Mathead stepped between Anwyl and me. She looked from Hernandez to me and back again, spoke slowly like we were supposed to memorize her words. "Tell Ben he has 24 hours to get in touch."
Anwyl pushed her aside. "These are not messengers. Begone." And then he had his arms around us and guided us to the Little Bar.
"You must avoid those creatures henceforth," he advised me.
"I couldn't agree more!" I assured him.
The bar was filled to capacity and there was a line of people waiting their turn to go inside. No one else could enter until somebody left. Nobody could enter except Anwyl, who shouldered us ahead of him. I expected Mathead to follow us. I expected the front of the line to complain. Instead, for a split second, everything froze - mouths contorted, heads mid-turn, words crystallized in the air from a dozen conversations "Harry... second... wasted... Tuesday... tour... sister...Venice... cutest... sale... because..." - and it was like we stepped through a life-size photo of a busy evening at the Largo. When the freeze ended, we were inside the bar.
A trio of patrons gulped to finish full glasses of wine, stood and vacated as we approached their table. We sat. Although we held no drinks, no one questioned our right to occupy a table.
"We heard her voice," I told Anwyl, cautious about uttering Anya's name although I had to yell to hear my own voice in the post-show racket.
"Expect a message each day henceforth," he nodded. "What word this day?"
"'Two in the west for three,'" I quoted, and again he nodded as though not surprised.
"'And raspberri
es,'" Hernandez added.
Anwyl reacted like Hernandez had sprouted pink wings. "Raspberries! Are you certain?"
"As reasonably as we can be, given that we have no idea what your codes mean and you have no plan to tell us."
"We must make haste." He stood, watched us exchange a look that said we weren’t moving without explanation. He sat again with a sigh. Humans. Can't live with 'em, can't exterminate 'em without repercussions. "It is a simple code to rank how rapidly our enemies proceed."

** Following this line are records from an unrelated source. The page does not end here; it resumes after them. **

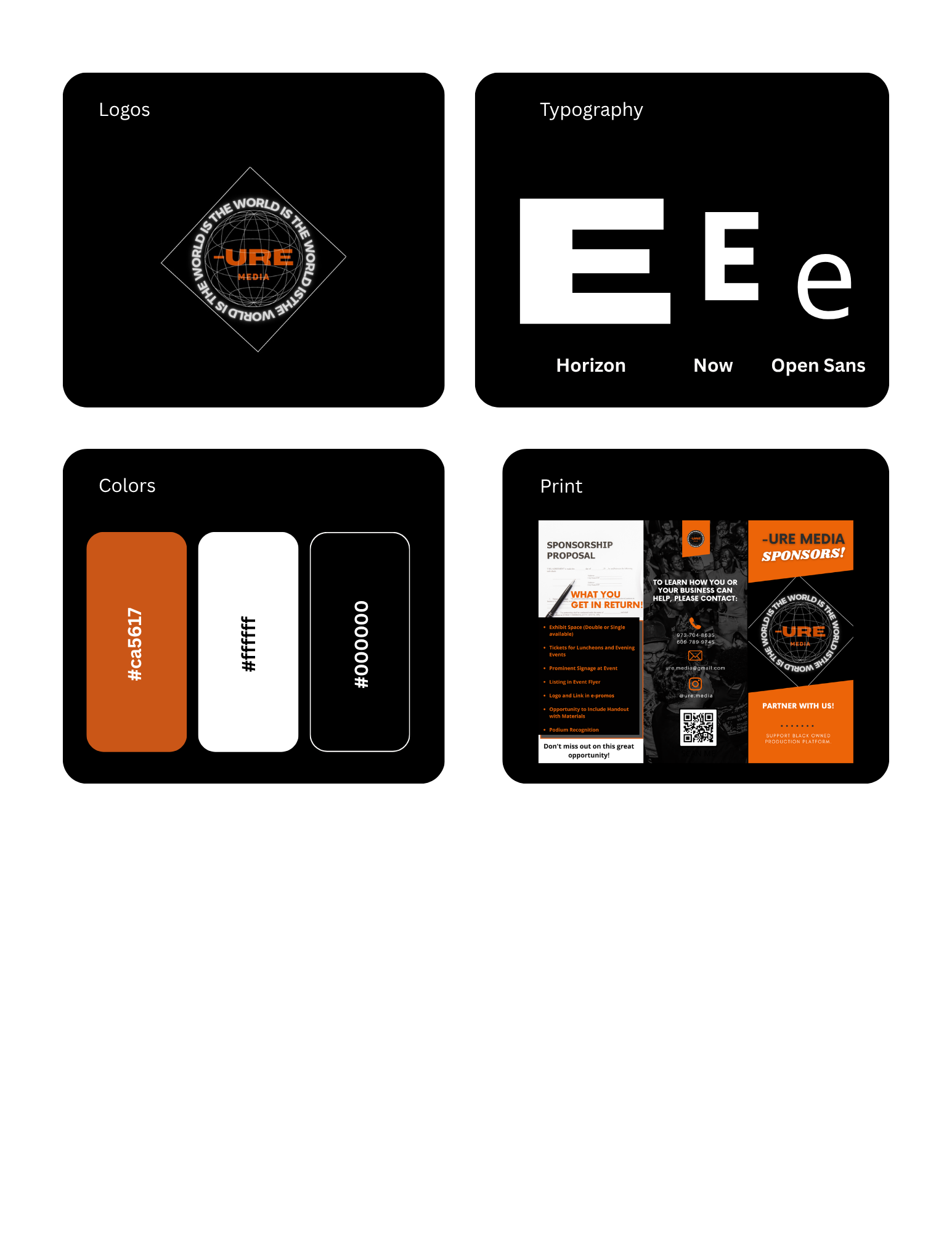 Includes: Banners · Posters · Flyers · Merchandise · Business Cards · Brochures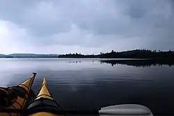 Lake Temagami, formerly spelled as Lake Timagami, is a lake in Nipissing District in northeastern Ontario, Canada, situated approximately 80 km north of North Bay. The lake's name comes from dimii-agamiing "tih-MEE-uh-guh-MEENG", which means "it is deep water by the shore" in the Ojibwa language.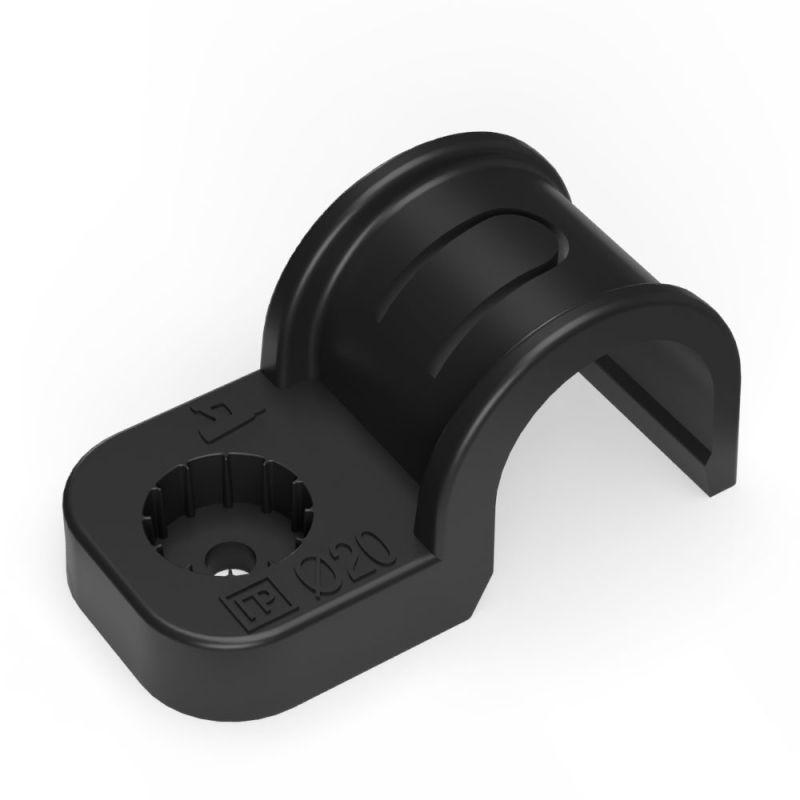 PR13.0373 | Крепеж-скоба односторонняя d20мм для прямого монтажа атмосф. пластик. черн. (уп.50шт) Промрукав

"A is slowest?" Hernandez guessed.
Before Anwyl finished his nod, I was on my feet. "Then R is way too close to Z. Where do we need to go next?"
"To the west," Anwyl said, nodding toward the Connector in the aisle beside the bar.
20. No One Waits To Enter That Connector
As we headed for the Connector, Anwyl made us hold hands and as a loose human triangle we shoved our way through the Largo crowd. This did not make friends. Otherwise, we were ignored. No one wondered why a trio headed for the solo bathroom, and no one saw us leave the Frame, which I knew had happened when the bar sounds damped, then muted.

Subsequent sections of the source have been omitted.